We asked Emma how she thinks Thai society could communicate the ideas of feminism more effectively. “We need to move beyond just vague messages of ‘women’s empowerment’, which are often given by those in positions of privilege, but don’t result in any real change for anyone else. So often, the voices of marginalised groups are left out”, she says. She noted that it’s particularly difficult to make a change because there are so many ‘dinosaurs’ in positions of power in Thailand. “It’s easy for the general public to ignore violence against women when the prime minister is telling women that they shouldn’t wear ‘sexy’ clothes if they don’t want to be raped, and police officers and teachers are victim blaming and sometimes even comitting violence themselves”. There dinosaurs are in Muay Thai, too. For example, Lumpini Stadium is owned by the military. So, making change is a challenge.

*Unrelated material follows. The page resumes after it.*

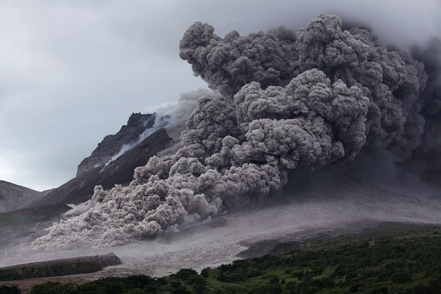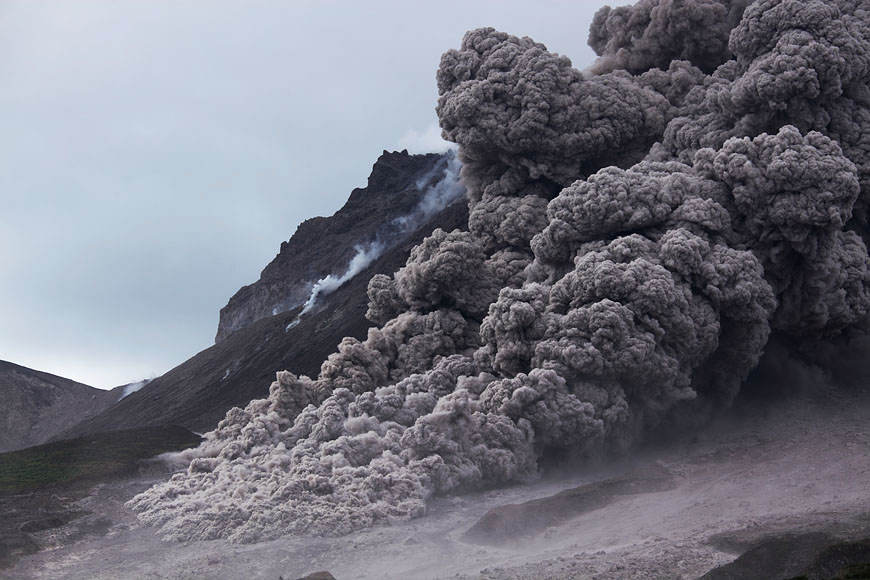 strong ash cloud develops |

Emma remarked that while progress has been made for women in Muay Thai, it’s not enough. “Some people would call me uptight or cynical because I’m not happy enough with the changes that have been made so far, but we’re still so far from equality”, she says. “You might say that the sport is a lot more ‘female-friendly’ than it used to be, but that’s not enough. We have to keep pushing. ‘Female-friendly’ and equality are not the same thing”.
As Emma began to wrap her hands in preparation for her training, we posed one last question. Since the first day she started Muay Thai almost 10 years ago, many things have happened to her, both good and bad. We asked her, “do you still love Muay Thai the way you did when you first started fighting?”
Emma listened and smiled.
“Muay Thai has given me so much. It isn’t something that I do just for fun, or because I want to win. It’s driven me to grow as a person and to consistently push my boundaries. It’s also given me some of the most valuable friendships in my life”.
“I love Muay Thai so much, I can’t imagine my life without it. But sometimes I feel like Muay Thai doesn’t love me back, because I’m a woman”.